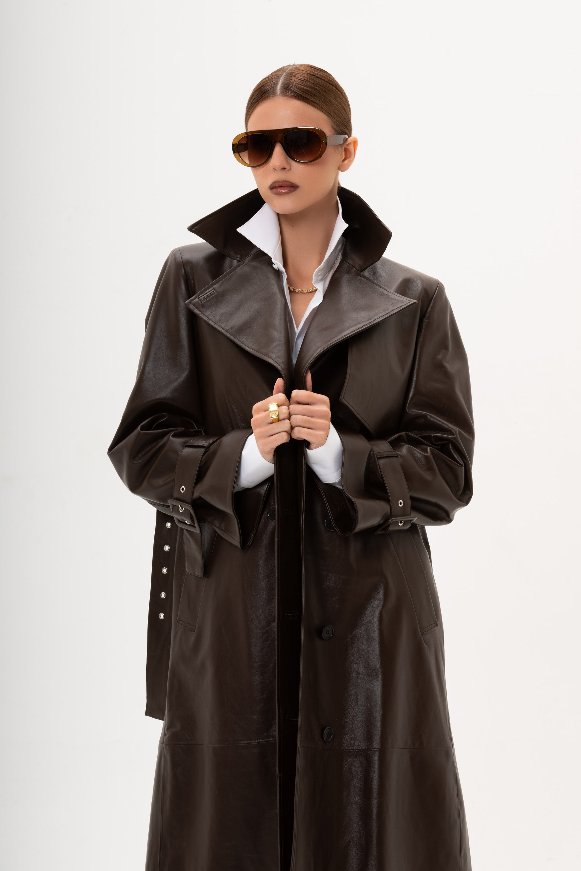 Trench in pelle di agnello, foderato con abbottonatura frontale, mostrine ai polsi, include cintura regolabile in tinta con fibbia, due tasche.
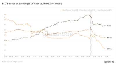 С марта было выведено как минимум 320 тысяч BTC. К такому выводу пришли эксперты аналитического портала Glassnode в своем последнем отчёте об исследовании рынка. С момента мартовского падения наибольший объём криптовалюты вывели с трех бирж: Huobi, BitMEX и Bitfinex. Торговые площадки потеряли 97 тысяч, 105 тысяч и 133 тысячи биткоинов клиентских средств соответственно. А это динамика изменения балансов бирж.
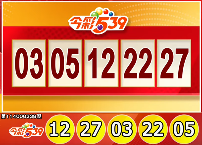 (FWA 2025/10/1) Nomor pemenang untuk Lotre 539 edisi 114000238 adalah 03, 05, 12, 22, 27. Hadiah pertama (cocok kelima nomor) adalah NT$8 juta. Pengundian Lotre 539 diadakan setiap hari Senin hingga Sabtu pukul 20:30. (Nomor pemenang yang sebenarnya tunduk pada pengumuman resmi dari Lotre Taiwan.)
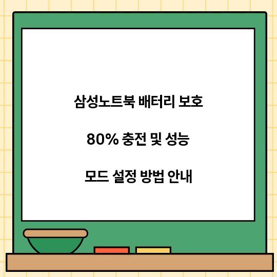 삼성노트북의 배터리를 오래 사용하고 싶으신가요? 여기서는 삼성노트북 배터리 보호를 위한 80% 충전 설정과 성능 모드의 효과적인 활용 방법을 안내해 드립니다. ...
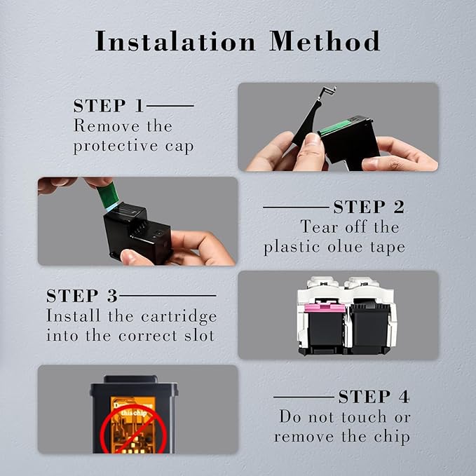 - Note: Please do not touch and remove the chip. Do not touch the ink nozzles
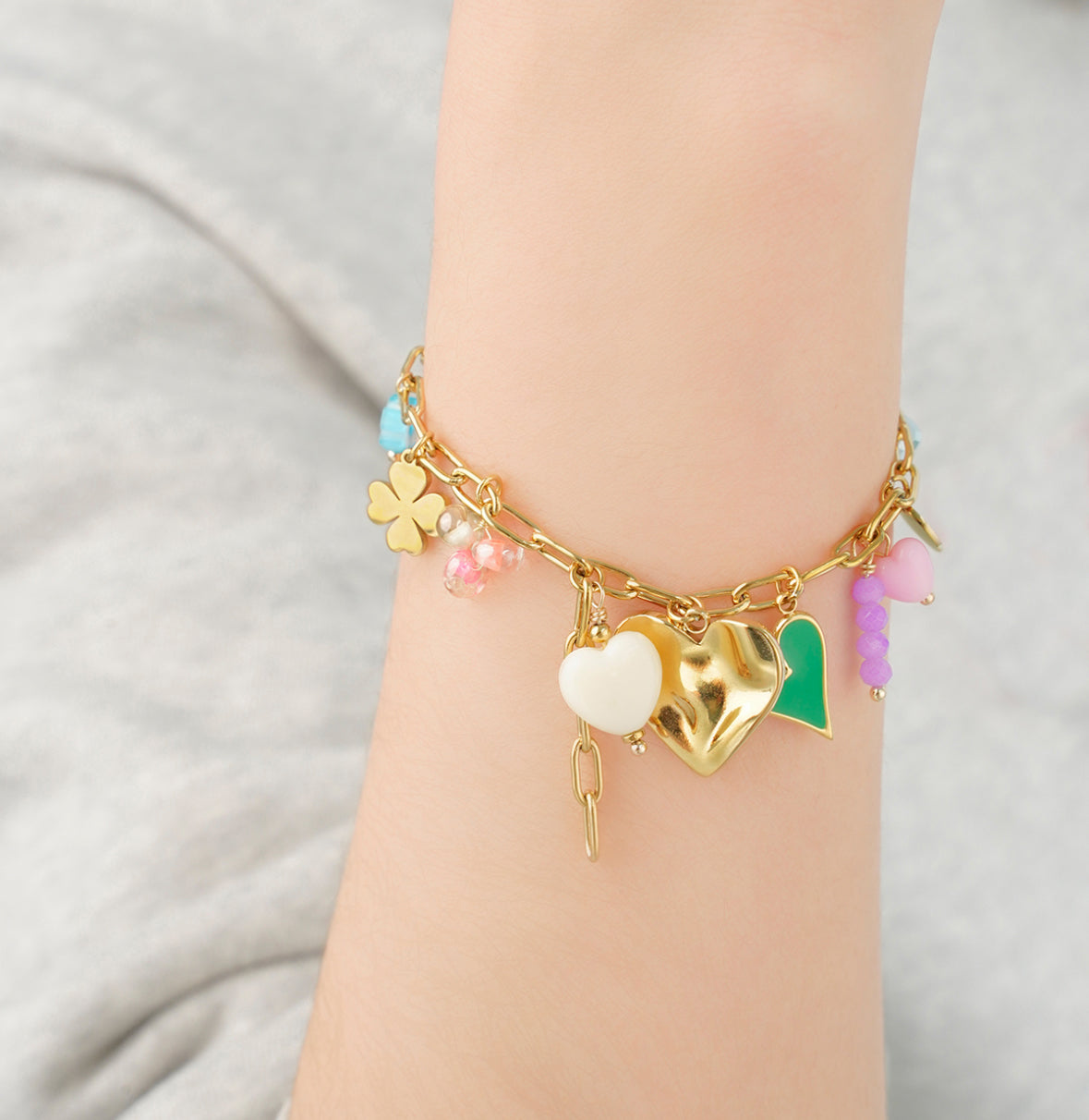 Prachtige roestvrijstalen bedelarmband met 10 unieke bedels!
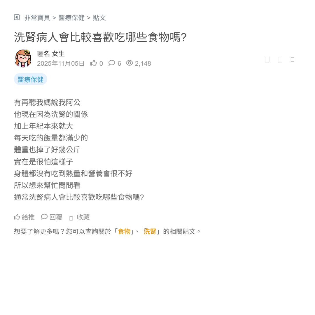 最近家人剛開始洗腎 說真的整個過程比我想像的還要需要調適 以前他至少還會出去散步 偶爾陪我們逛個超市但開始固定洗腎後 我明顯感覺到體力掉很快 走一小段路就會喘、吃東西也吃不多 整個人看起來就是容易累 雖然醫生說剛開始洗腎本來就需要一段時間讓身體習慣 可是身為家屬看到還是會忍不住擔心 也不知道是不是營養不夠 還... 看更多
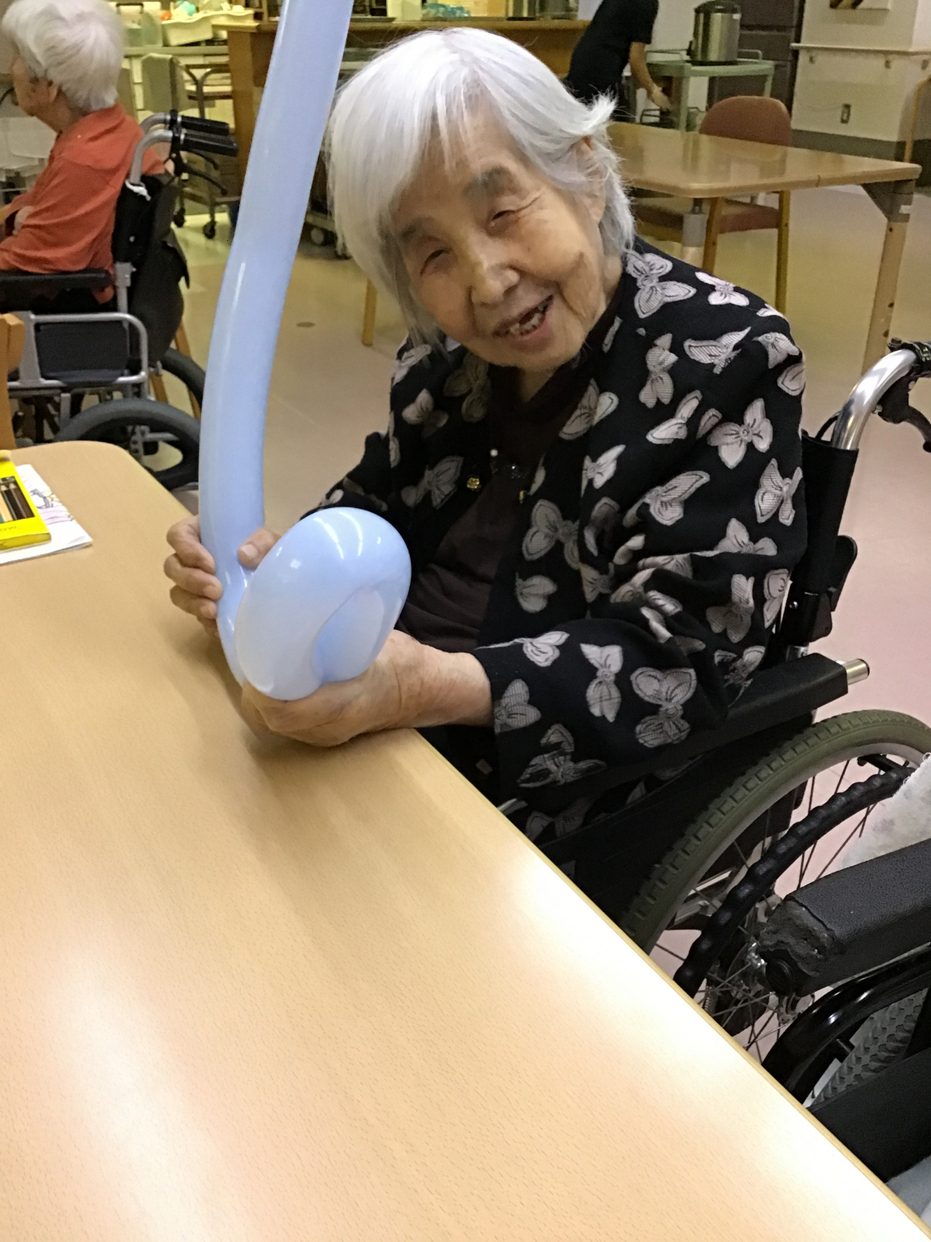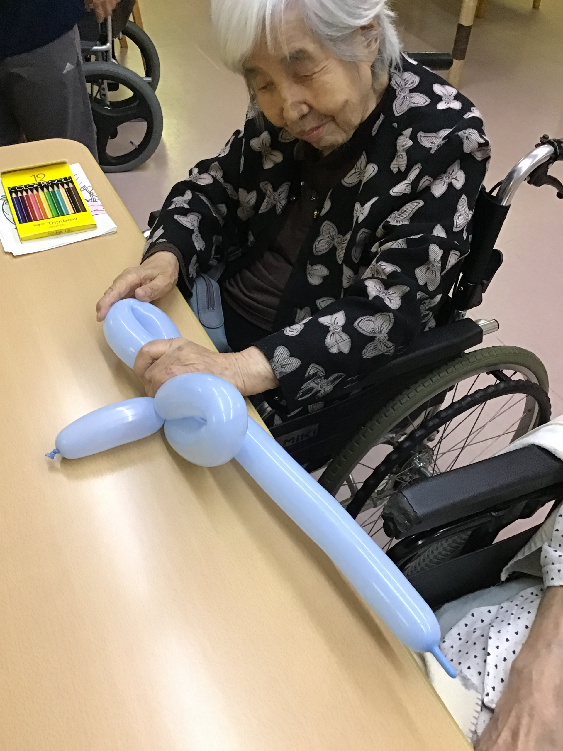 とても勇気が必要ですがH様は職員の声かけとともに風船をねじりまげております(^_^)v
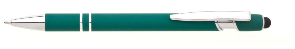 Propiska s touch koncem, měkkým pogumovaným soft povrchem v zelené barvě a stříbrnými doplňky včetně dvou ozdobných kroužků. (NATIO)
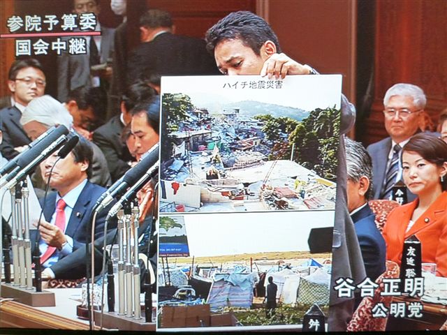 またハイチ地震の対応は現地視察したパネルを使い、岡田外務大臣に質問。現場を訪問した緊迫感が伝わる。
* * * * * * *
▶ What the task requires
Give again, word for word, every line from the top of the entries above to the line holding "С марта было", both included. Leave the pictures out.

▶ Output below
 Trench in pelle di agnello, foderato con abbottonatura frontale, mostrine ai polsi, include cintura regolabile in tinta con fibbia, due tasche.
 С марта было выведено как минимум 320 тысяч BTC. К такому выводу пришли эксперты аналитического портала Glassnode в своем последнем отчёте об исследовании рынка. С момента мартовского падения наибольший объём криптовалюты вывели с трех бирж: Huobi, BitMEX и Bitfinex. Торговые площадки потеряли 97 тысяч, 105 тысяч и 133 тысячи биткоинов клиентских средств соответственно. А это динамика изменения балансов бирж.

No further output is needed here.